This issue really ought to be much simpler to resolve than it has been so far. I've been trying things for long enough that nothing seems to make sense any longer, which is why I'm posting it here even though there are lots of articles on the web regarding user permissions on home folders.
Here's what I know:
I've inherited administration of a Windows Server 2008 R2 file server in a Windows domain (2008 schema). This domain was migrated from an SBS 2003 domain at some point in the past (I can see traces of the SBS structure in AD, as well as the existing group policy objects).
Our user's home folders are created by the system automatically when I create new users in AD. I had not been altering the permissions in any way. In addition, we have an SBS group policy still in effect that redirects the user's 'My Documents' folder to their home folder on the server (for backups).
And here's the problem:
I was recently approached by a new user who stated that she wasn't able to delete some data that she had stored in her home folder. As I looked into it, I found that while she had access to any files that she placed into her home directory, she didn't have access to the redirected 'My Documents' folders and files. As I looked at the security settings for the folder, it looked like she should have had access: she was listed as the folder owner (with full control, which is too much in my opinion, but it should have worked). When I looked at effective permissions for her user account, Windows believed that she should have had access.
This felt like a group policy problem of some sort to me, so I moved her user account to an OU I use for testing (it has inheritance blocked). After logging off and then back on, not only did she still not have access to her folders, but I couldn't view ownership or permissions data from the file server, even when logged on as the domain admin.
I was able to take ownership using 'takeown' and make the permissions look correct, but she still didn't have access. As a part of the troubleshooting, I moved my AD user into the same 'no policys' OU, and am now seeing the same issues with the home folder.
I did some googling and found the following ICACLS script to reset user permissions:
set /p userDir=Enter the login of the user's directory you're modifying permissions for. (i.e. jDoe)

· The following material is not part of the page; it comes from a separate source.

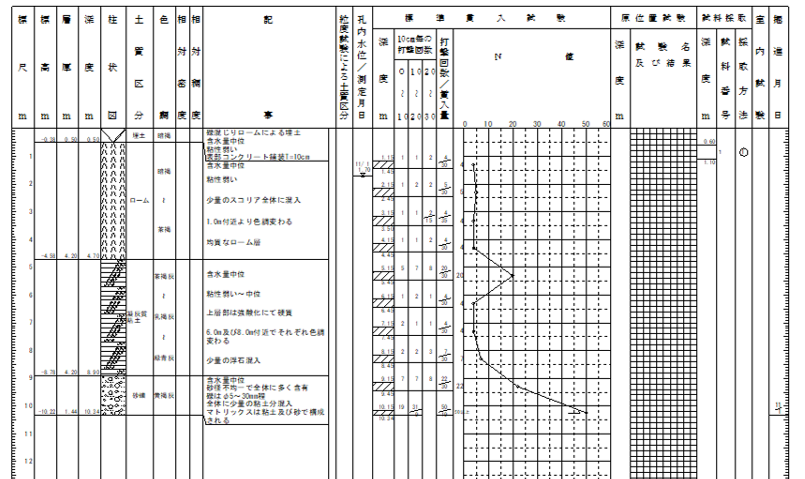 ボーリング調査の結果は、下記のような柱状図で記録されます。それぞれのデータについて簡単にご紹介します。

TAKEOWN /f "E:\Home Directories\%userDir%" /r /d y
ICACLS "E:\Home Directories\%userDir%" /reset /T
ICACLS "E:\Home Directories\%userDir%" /grant:r "MYDOMAIN\%userDir%":(OI)(CI)F
ICACLS "E:\Home Directories\%userDir%" /setowner "MYDOMAIN\%userDir%" /T
I modified it to fit my domain and ran it against my user folder. The script completed successfully, but I am still being denied access.
I'm at a loss at this point. So far, only 2 of the 80+ users are being affected, so I'm hesitant to run any scripts or make any changes that would effect the entire parent folder structure. However, it's obvious that I either have a permission issue that is being inherited down and causing problems, or a policy that is causing issues, or both. I'm afraid that the problem will continue to escalate as time goes on.
Does anyone have some advice on how to approach the issue?